• Deputada Analice sugere emenda para o PLC 49

    Analice sugere emenda para o PLC 49

    O Projeto de Lei Complementar 49/2011 de autoria do governador Geraldo Alckmin dispõem sobre uma reestruturação para a carreira dos policiais militares, como regras de inatividade e promoção aplicáveis em condições especifia.

    Segundo a deputada Analice Fernandes a emenda de sua autoria propõe a correção de uma distorção existente atualmente. “Os integrantes do serviço ativo da PM que responder ou assumir interinamente as funções de cargo, posto ou graduação superior à qual se achem legalmente investidos, farão jus na proporção do tempo que ocorrer a substituição a receber a diferença dos vencimentos referentes à função efetivamente exercida, ou seja, se se o policial pode exercer função acima de seu cargo, também poderá receber salário correspondente”, explica a deputada.  

    Deputada Analice sugere emenda para o PLC 49

    Segundo a deputada a emenda visa assegurar tratamento indistinto aos efetivos de menor graduação da Policia Militar.

    A legislação vigente somente contempla as substituições eventuais e temporárias para o posto igual ou superior ao de Capitão, com isto deixa de atribuir tratamento justo e isonômico a servidores militares submetidos ao mesmo regime jurídico e às mesmas normas legais, porém com responsabilidades que variam segundo o cargo ou a função que, por força das circunstâncias, se vêem na contingência de ter que assumir.

    Nos Pelotões, o comando é função de 1º tenente, todavia, na falta ou impossibilidade deste, assume um 2º tenente ou aspirante a oficial, sem excluir a possibilidade, como acontece em muitas unidades, de serem comandadas por subtenente, 1º, 2º ou 3º sargento, cuja substituição não merece da organização militar o reconhecimento do pagamento da diferença remuneratória pelo comando assumido.

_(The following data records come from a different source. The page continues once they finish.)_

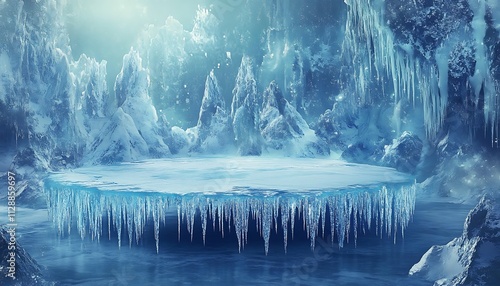 Frosty Transparent Ice Podium with a Smooth Surface Set in a Winter Wonderland Environment
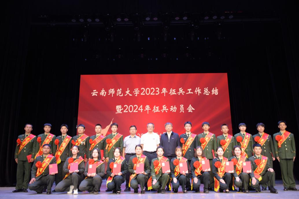 为进一步树牢大学生国防意识,鼓励广大青年学生积极响应国家征兵号召,高质量完成2024年度秋季征兵工作,4月25日下午,我校在呈贡主校区明德楼演播厅召开2023年征兵工作总结暨2024年征兵动员会。校党委书记张祖武、党委副书记李宏、副校长甘健侯,学校征兵工作领导小组成员单位主要负责人,各学院(学部)党委书记、副书记、辅导员,全体退伍复学学生及各学院(学部)有参军意愿的学生代表参加大会。
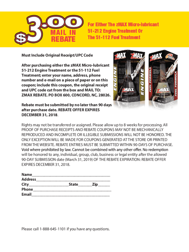 MAIL INREBATEFor Either The Max Microlubricant 51212 Engine Treatment Or The 51112 Fuel Treatments Include Original Receipt/UPC Code After purchasing either the Max Microlubricant 51212 Engine Treatment
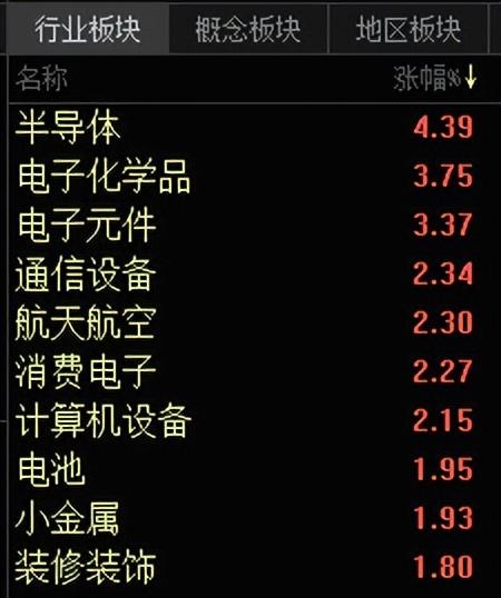 行业涨幅前五名,全是“新质生产力”的代表:半导体,电子化学品,电子元件,通信设备,航天航空。半导体行业当日大涨4.39%,可谓独占鳌头。
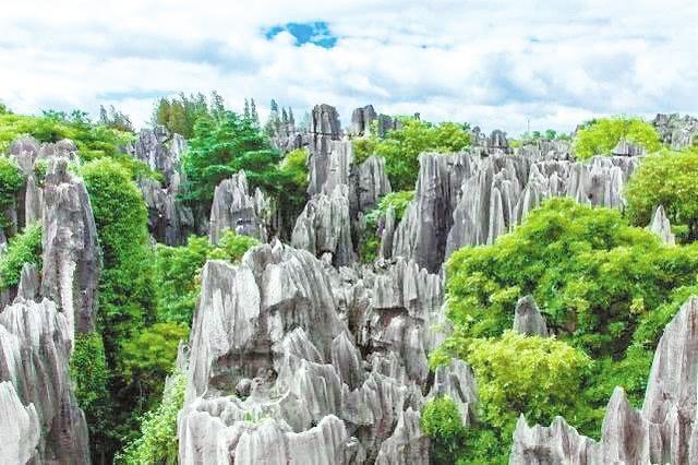 石林以高大、密集的石灰?guī)r溶柱呈森林狀分布而得名,是喀斯特術(shù)語“石林”的發(fā)源地。除典型的劍狀、柱狀、蘑菇狀、塔狀,還有許多不規(guī)則狀的石林,幾乎匯集了世界上所有類似的石林地貌形態(tài),被譽(yù)為“石林喀斯特博物館”。
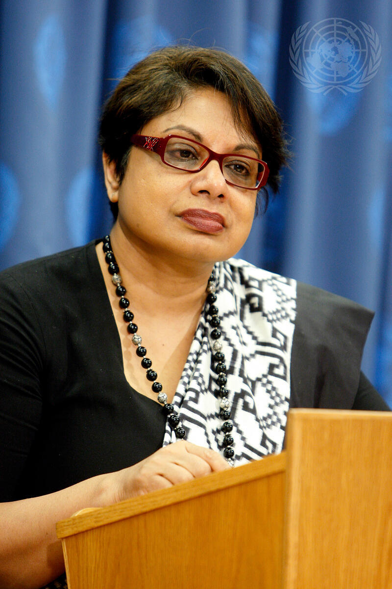 Radhika Coomaraswamy, Special Representative of the Secretary-General for Children and Armed Conflict, briefs journalists at UN Headquarters in New York.
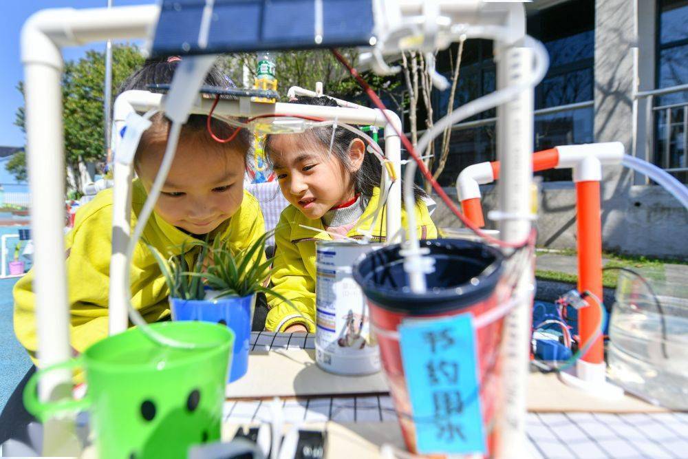 ↑3月22日,浙江省湖州市長興縣泗安鎮中心幼兒園的孩子們體驗節水環保科技小發明。
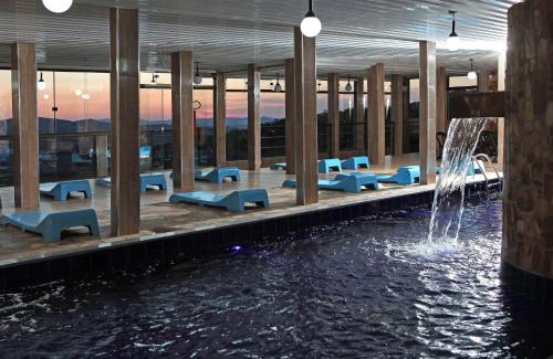 Featuring mountain views, Hotel Alpha Ville Chalés in Conceição da Ibitipoca offers accommodations, a rooftop pool, an indoor pool, a garden, a bar, and barbecue facilities. This property offers access to a balcony and free private parking. The accommodation features a sauna, hot spring bath, family-friendly restaurant, and free Wifi. At the farm stay, each unit has a desk, a TV, a private bathroom, bed linen, and towels. Some rooms include a fully equipped kitchen with a stovetop and kitchenware. Buffet and continental breakfast options with fruit, juice, and cheese are available. There is a snack bar and lounge. A children's playground is also available for guests at the farm stay.
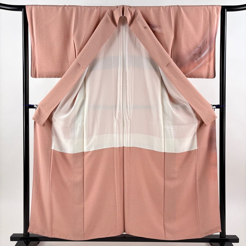【付下げ】 赤系 ピンクベージュ 秀品 B 約150cm~約159cm 裄丈63cm-64cm (S)size 袖丈49cm 4000-7980 二万以下
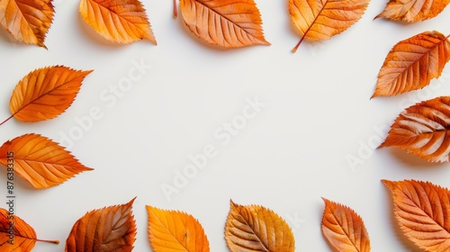 Obraz premium Autumn leaves creating a natural frame on a plain white background, high detail, vibrant colors, high resolution, focus cover all object, deep dept of field
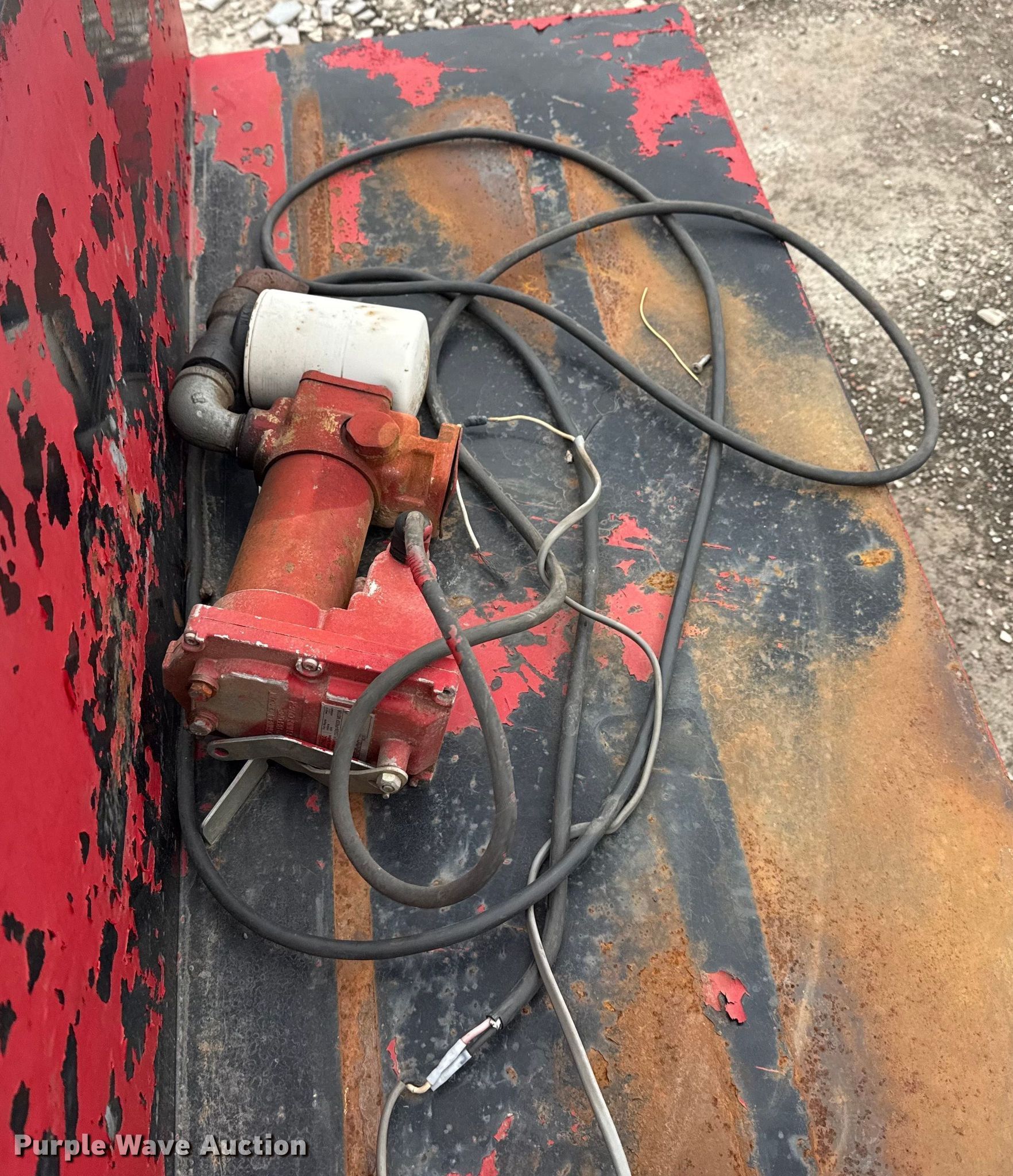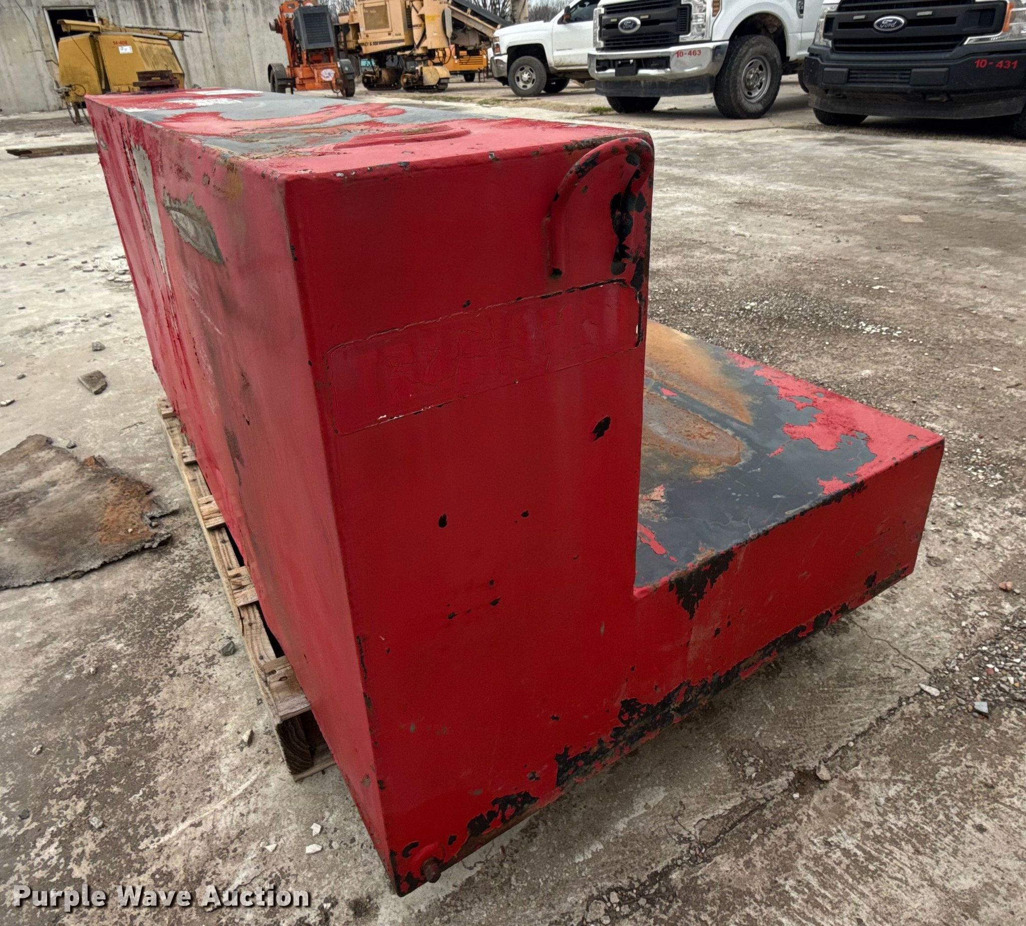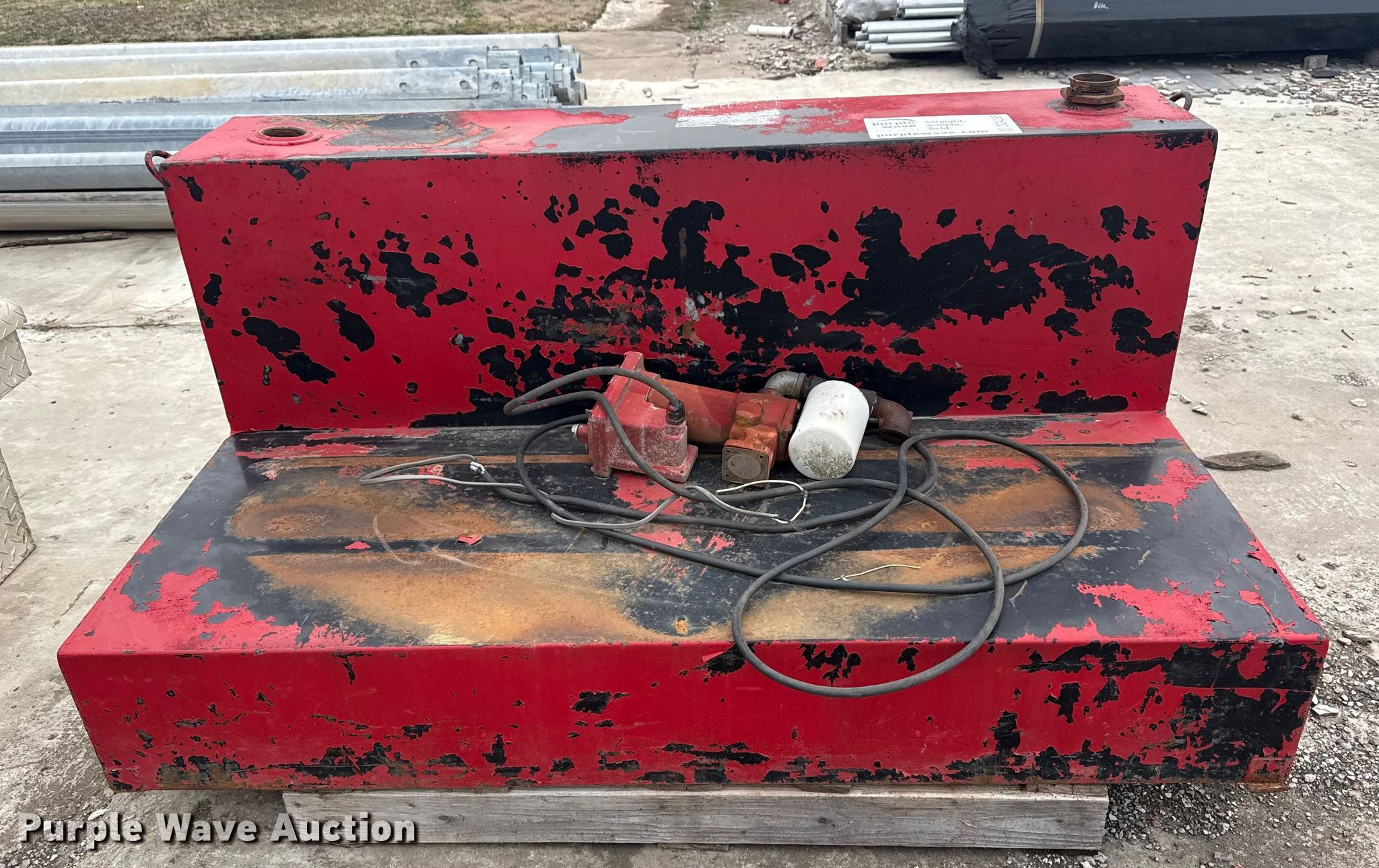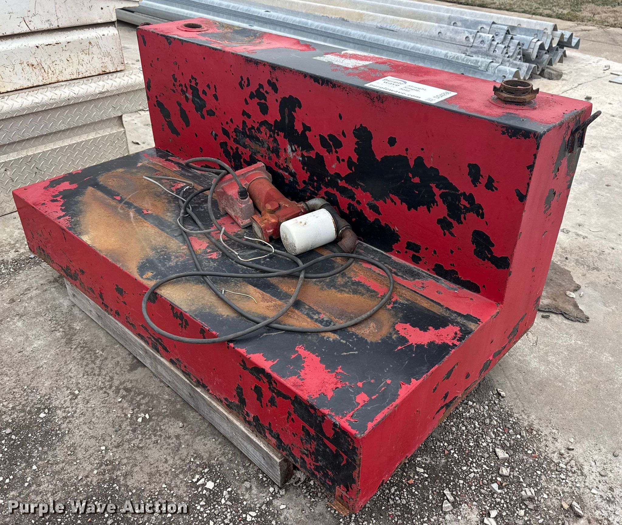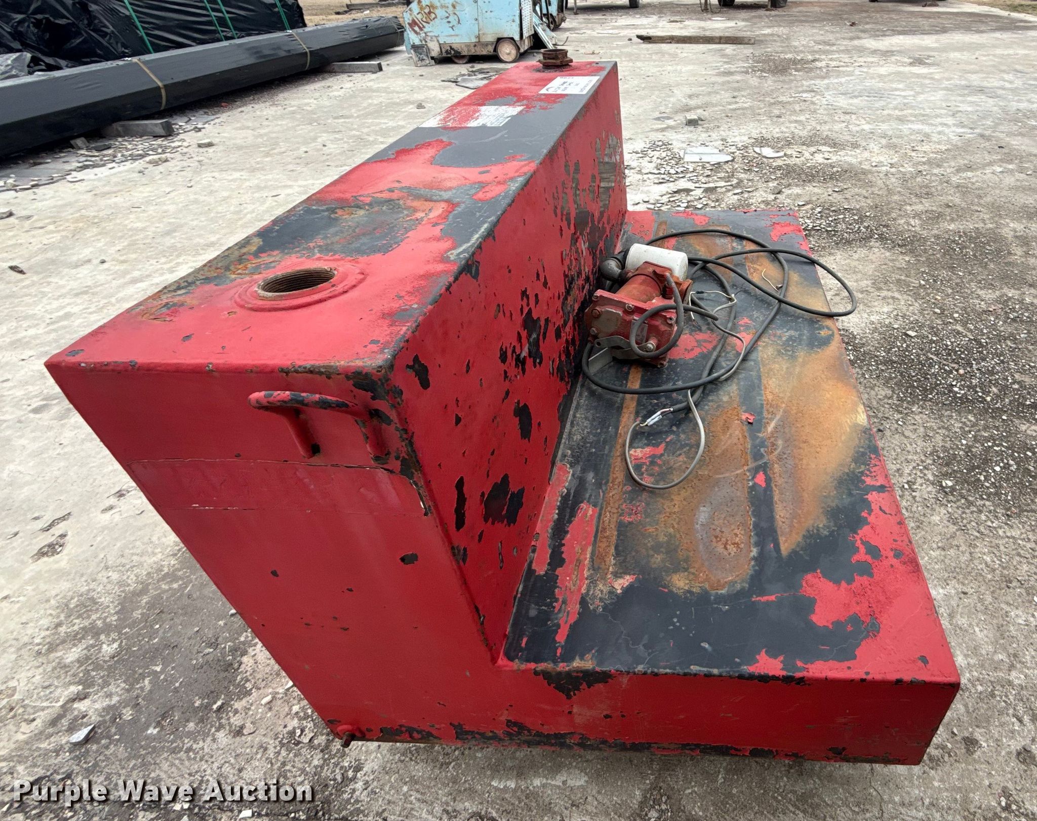 Purple Wave is selling a used Fuel and Lube in Oklahoma. This item is a Fuel tank with the following: Length: 56", Width: 31", Height: 25", Fill Rite pump, GPM: 20, Volts: 12
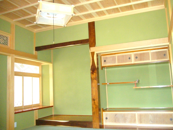 真壁づくりの構造に無垢の杉板張りと珪藻土塗りの壁、無垢の桐板張りと珪藻土塗りの天井、 と最近の流行の素材を
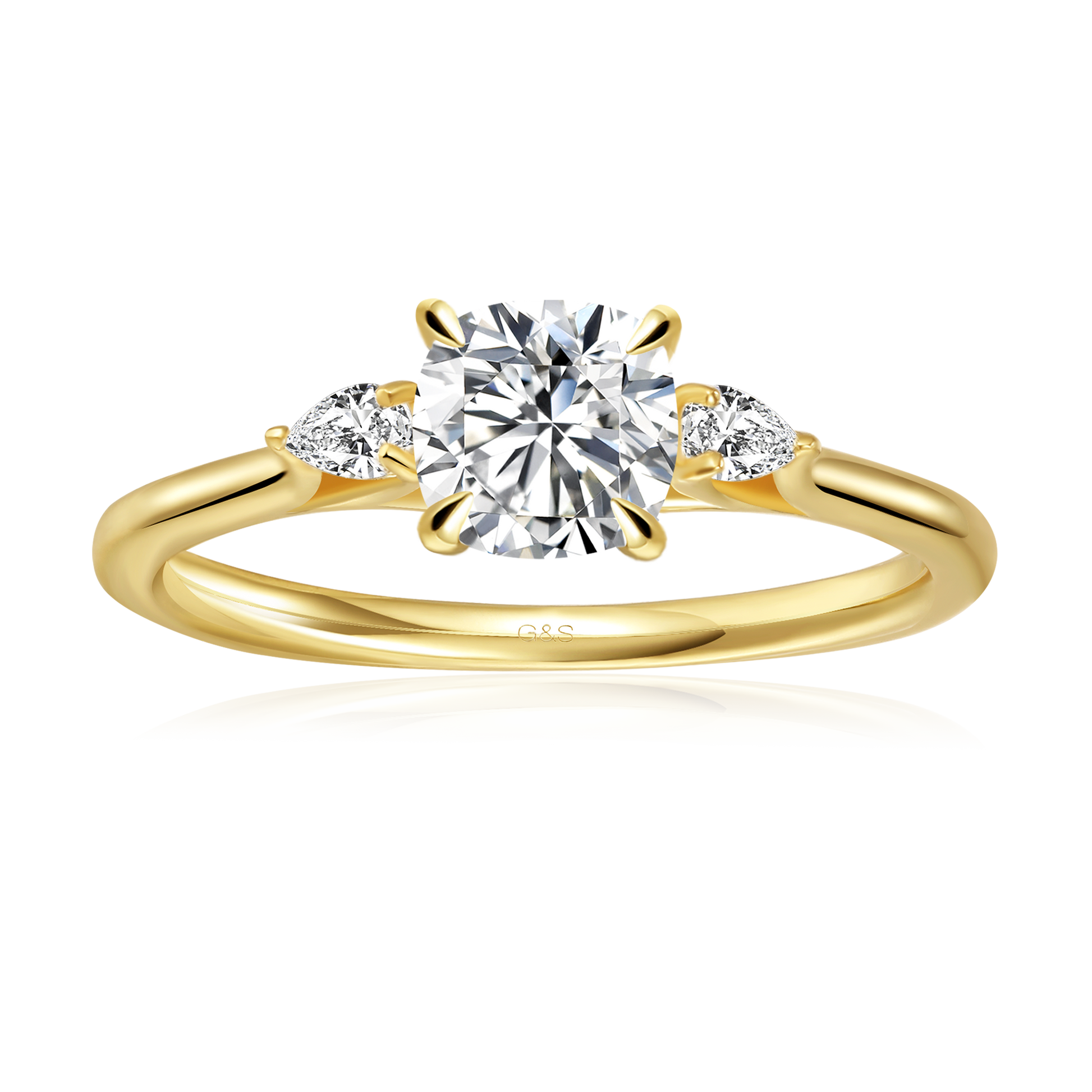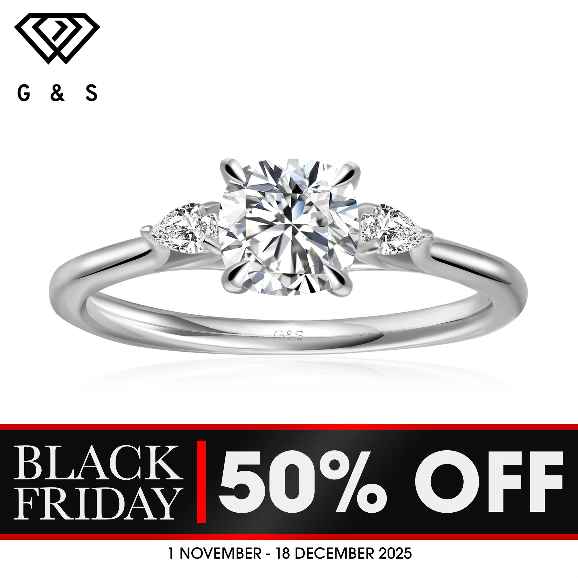 - Side Stones: Round Brilliant Moissanite (D - Colour)(VVS - Clarity)

    Há de se esclarecer, ainda, que o 2º tenente ou aspirante a oficial, não recebem a correspondente diferença remuneratória em relação ao comandante-responsável, somente, quando a substituição ocorre nos Pelotões, unidades cujo comando poderá, também, ser substituído, pelo subtenente, 1º, 2º ou 3º sargento. Em contrapartida se a substituição ocorrer no comando das Companhias, onde os praças não podem responder ou assumir, o 2º tenente ou aspirante a oficial recebe o equivalente ao vencimento de capitão (comandante-responsável das companhias).

    Enquanto que nos Grupos de Policia Militar, comandados atualmente pelo subtenente, 1º, 2º ou 3º sargento, até pouco tempo atrás, cabos e soldados respondiam e até assumiam o comando dos grupos, porém, a exemplo do critério adotado na substituição no comando dos Pelotões, jamais receberam qualquer espécie de diferença remuneratória.

    Assim, como o projeto de lei complementar em tela visa reparar as injustiças presentes na carreira dos membros da Policia Militar, nada mais equânime, que venham resguardar os direitos constitucionais de todo efetivo, independentemente do posto ou graduação que ocupe.